India Today|December 04, 2023
On October 17, while inaugurating a Durga Puja in Kolkata, West Bengal chief minister Mamata Banerjee decided that a slum should no more be called a basti-the Bangla word used for a slum, which has gathered all the usual socio-economic connotations reserved for words marking out the poor.
Arkamoy Datta Majumdar
WHAT'S IN A RENAME?

She instructed Kolkata mayor and minister Firhad Hakim to change their generic name to the rather more exalted uttaran-'ascension' in Bangla. The government even came up with advertisements publicising the step.
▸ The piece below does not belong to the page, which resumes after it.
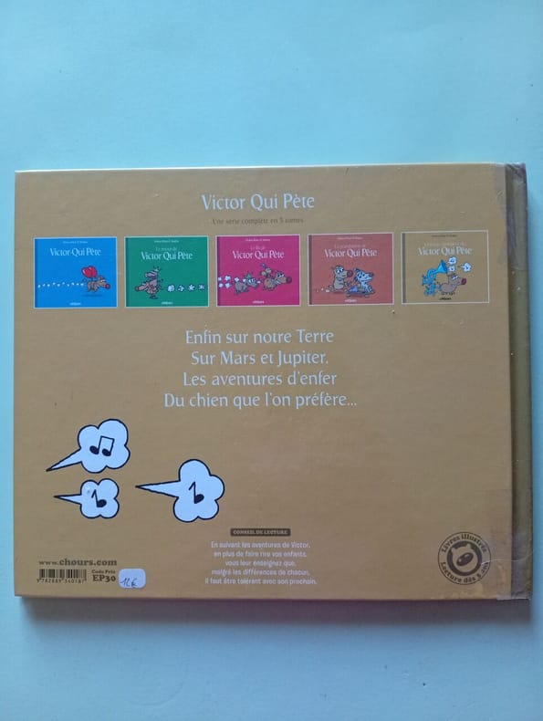 CHOURS 2016 32 pages 20 7x24 7x0 7cm. 2016. Broché. 32 pages. Victor un chien pétomane devenu célèbre découvre une trompette lors d'une promenade et décide de se lancer dans la musique mais ses projets ne se déroulent pas comme prévu. Cette aventure humoristique cinquième tome de la série permet aux enfants d'aborder les thèmes de la tolérance et de la différence

But many slum-dwellers across Bengal's urban areas and especially in Kolkata soon discovered a dire facet to this exaltation-literally, a sense of being lifted off the ground under their feet.

This relates to the fact that the land on which many have resided for generations has of late been claimed by builders, and residents are being served eviction notices. For quinquagenarian Tarun Raychowdhury, the fight to save his residence in a slum on the eastern fringes of Kolkata began eight years back. He's among the 133 residents of 4, Ram Mohan Mullick Garden Lane who were asked to vacate their homes in April 2015 by a real estate firm, which claimed that it owned 6.3 acres of the land on which the basti stood. An even bigger shock awaited them after the eviction notices. Raychowdhury explains, "We have been paying for this property as thika tenants for years. But when we went to pay our municipal taxes, there was no record identifying us as the legal lessees."